In the records below, the line with "工商管理学院党委组织员王全彬" and every line after it must be written out exactly; no pictures belong in the result.

### Information given
----

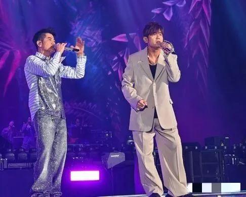 有网友拍到后台花絮:演出结束周杰伦笑着捶郭富城胸口:“哥你这腹肌是借的吧?比我演唱会门票还难抢!”
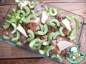 Огурцы я взяла длинноплодные, те, что продаются поштучно. Для моего объема курицы и формы, хватило одного.
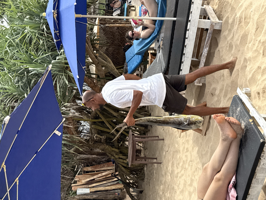 A man in a white t-shirt and dark shorts holds a large fish by the tail on a sandy beach. He is tanned with a shaved head and glasses. Two blue umbrellas are visible. In the background, a woman lies on a beach chair. In the foreground, the lower legs and feet of another person are visible on a black lounge chair. Behind the man is vegetation and wooden planks stacked together.
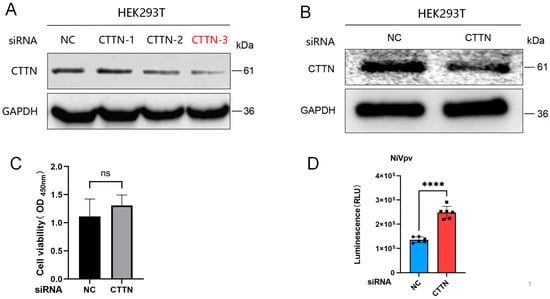 Knockdown of CTTN significantly inhibited NiVpv infection HEK293T cells. (A,B) Western blot assay. Western blots were conducted using an anti-CTTN antibody as the primary antibody and an anti-rabbit IgG HRP conjugated antibody as the secondary antibody. (C) Cell viability assay. The results showed that transfection of siRNA for 24 h had no significant effect on cell viability, ns p > 0.05 (t-test), n = 4. (D) Luciferase assay. Luciferase was used to detect the infection titers of NiVpv. Compared to the siNC group, knockdown CTTN could promote the infection of NiVpv significantly, **** p < 0.0001 (t-test), n = 6.
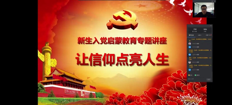 工商管理学院党委组织员王全彬担任第一讲《入党启蒙教育——让信仰点亮人生》主讲嘉宾。王全彬围绕新时代大学生确立马克思主义科学信仰的重要性;加入中国共产党的意义;发展党员的条件和程序;为加入中国共产党所做出的准备进行讲解。讲述了六个七一勋章获奖人的感动事迹;带领新生向防疫人员、抗洪人员等“最美逆行者”致敬。王全彬给予新生三点建议:端正入党动机,主动靠拢党组织,加强自我修养,做到自我完善。
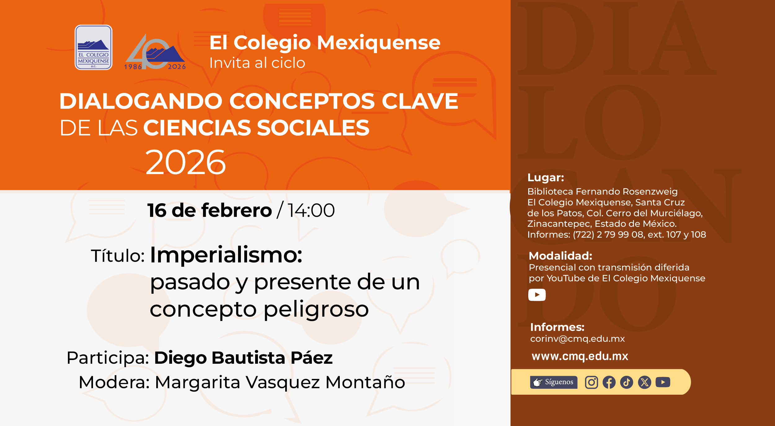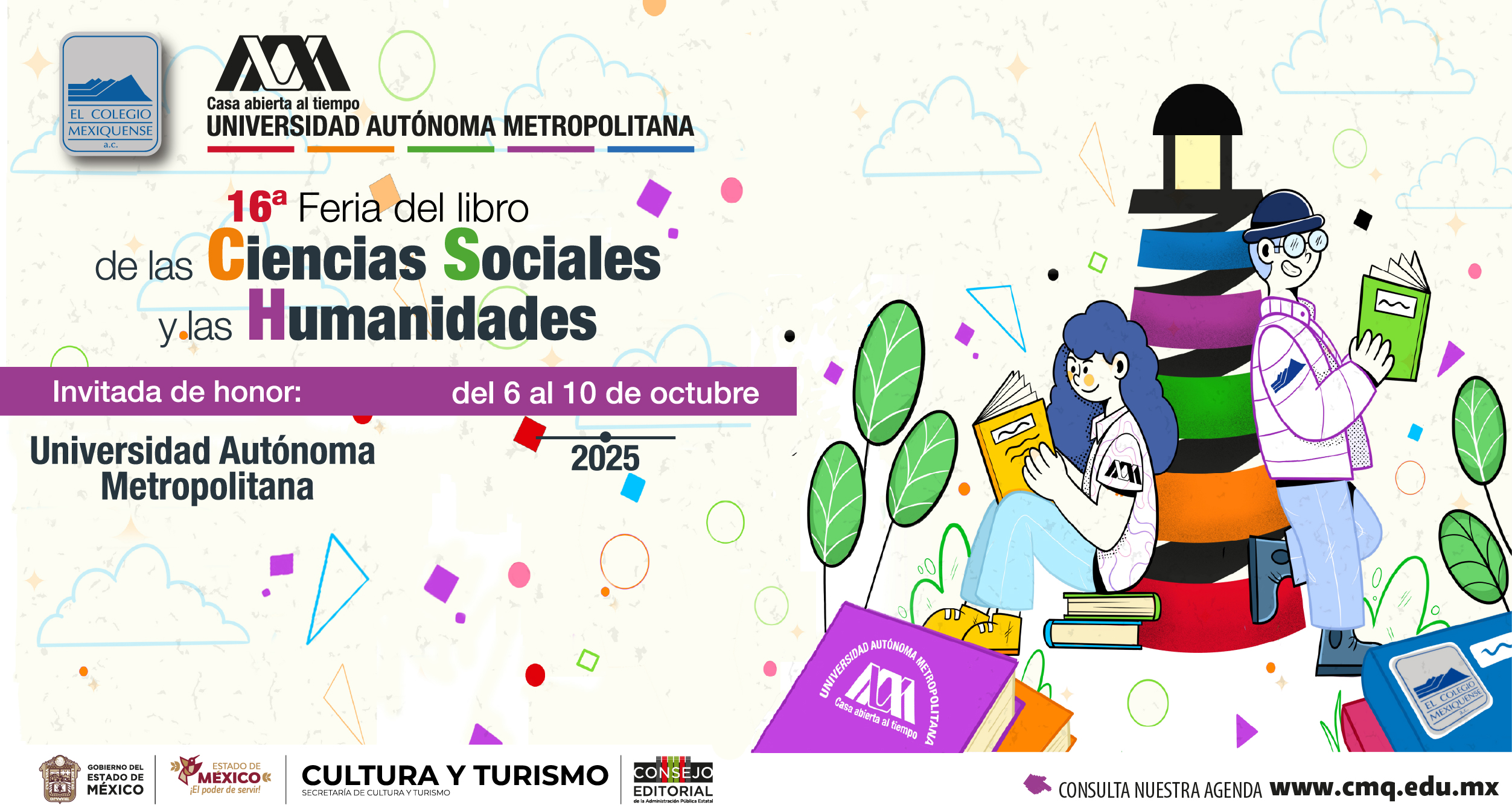 Del lunes 6 al viernes 10 de octubre, en Santa Cruz de los Patos, municipio de Zinacantepec, se llevará a cabo la 16ª Feria del Libro de las Ciencias Sociales y las Humanidades, organizada por El Colegio Mexiquense, con la Universidad Autónoma Metropolitana como invitada de honor y con una participación especial de la Unidad Lerma de esa casa académica.

----

### Answer area
 工商管理学院党委组织员王全彬担任第一讲《入党启蒙教育——让信仰点亮人生》主讲嘉宾。王全彬围绕新时代大学生确立马克思主义科学信仰的重要性;加入中国共产党的意义;发展党员的条件和程序;为加入中国共产党所做出的准备进行讲解。讲述了六个七一勋章获奖人的感动事迹;带领新生向防疫人员、抗洪人员等“最美逆行者”致敬。王全彬给予新生三点建议:端正入党动机,主动靠拢党组织,加强自我修养,做到自我完善。
 Del lunes 6 al viernes 10 de octubre, en Santa Cruz de los Patos, municipio de Zinacantepec, se llevará a cabo la 16ª Feria del Libro de las Ciencias Sociales y las Humanidades, organizada por El Colegio Mexiquense, con la Universidad Autónoma Metropolitana como invitada de honor y con una participación especial de la Unidad Lerma de esa casa académica.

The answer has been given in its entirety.